Government Ignores Calls to Bring Justice to Victims and Families

Human rights activists chant slogans during a protest to condemn the disappearances of social activists in Karachi, Pakistan January 19, 2017.  © 2017 Reuters

“Any act of enforced disappearance is an offence to human dignity,” states the United Nations Declaration on the Protection of all Persons from Enforced Disappearance. Yet in Pakistan, hundreds remain forcibly disappeared, their families awaiting answers.

Giving people a rare glimmer of hope, Senator Farahatullah Babar called for a new commission on enforced disappearances on Monday. That same day, the Supreme Court ordered the government to provide the details of allegations against people who have gone missing – and are suspected to be “disappeared” by the government – in “black and white.”

Yet in the past, the government has failed to comply with court judgments and commissions on this very issue.
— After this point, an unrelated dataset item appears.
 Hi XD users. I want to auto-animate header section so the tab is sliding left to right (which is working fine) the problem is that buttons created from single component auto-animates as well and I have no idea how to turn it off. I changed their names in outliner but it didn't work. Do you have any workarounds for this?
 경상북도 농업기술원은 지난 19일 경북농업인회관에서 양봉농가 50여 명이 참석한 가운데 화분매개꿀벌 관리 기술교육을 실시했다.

Pakistan has yet to respond to a Supreme Court directive on October 26 demanding a detailed report on enforced disappearance cases. In a scathing indictment, Justice Ejaz Afzal Khan said, “The highest judicial office of the country has no answer to give to the loved ones of the missing persons who have been doing the rounds of the courts.”
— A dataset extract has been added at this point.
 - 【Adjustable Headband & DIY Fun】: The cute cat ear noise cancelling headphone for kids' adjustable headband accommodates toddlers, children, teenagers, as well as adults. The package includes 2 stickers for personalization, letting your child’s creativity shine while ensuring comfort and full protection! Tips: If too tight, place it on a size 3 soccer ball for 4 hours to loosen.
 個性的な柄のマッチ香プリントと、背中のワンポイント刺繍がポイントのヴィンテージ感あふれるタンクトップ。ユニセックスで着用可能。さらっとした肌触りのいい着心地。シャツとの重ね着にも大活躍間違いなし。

A previous Commission of Inquiry on Enforced Disappearances, set up in March 2011 for six months, was recently extended to September 2017. During Pakistan’s latest Universal Periodic Review, where UN member countries weigh in on each other’s human rights records, Pakistan said that after examining of 2,416 disappearances that happened between March 2011 to November 2016, the commission traced 1,798 of the people to either being at home or detained on criminal or terrorism charges. The remaining 618 cases were closed.

Still, the government has not held anyone responsible for disappearances accountable. Nor have new cases of disappearances declined. The commission received nearly 300 complaints of enforced disappearances from August to October 2017, one of the largest number of cases received in any three-month period since 2011.

Senator Babar’s dissatisfaction with the existing commission stems from its failure to fully use its powers to combat disappearances, including “fix[ing] responsibility on individuals or organisations responsible” and filing police reports “against named individuals … who were involved either directly or indirectly in the disappearance of an untraced person. ”

Pakistan faces serious security threats, and abducting people and making them vanish does not make the country any safer. The government should act on the demands of Senator Farahatullah Babar and the Supreme Court to end the longstanding injustice to hundreds, if not thousands of its citizens.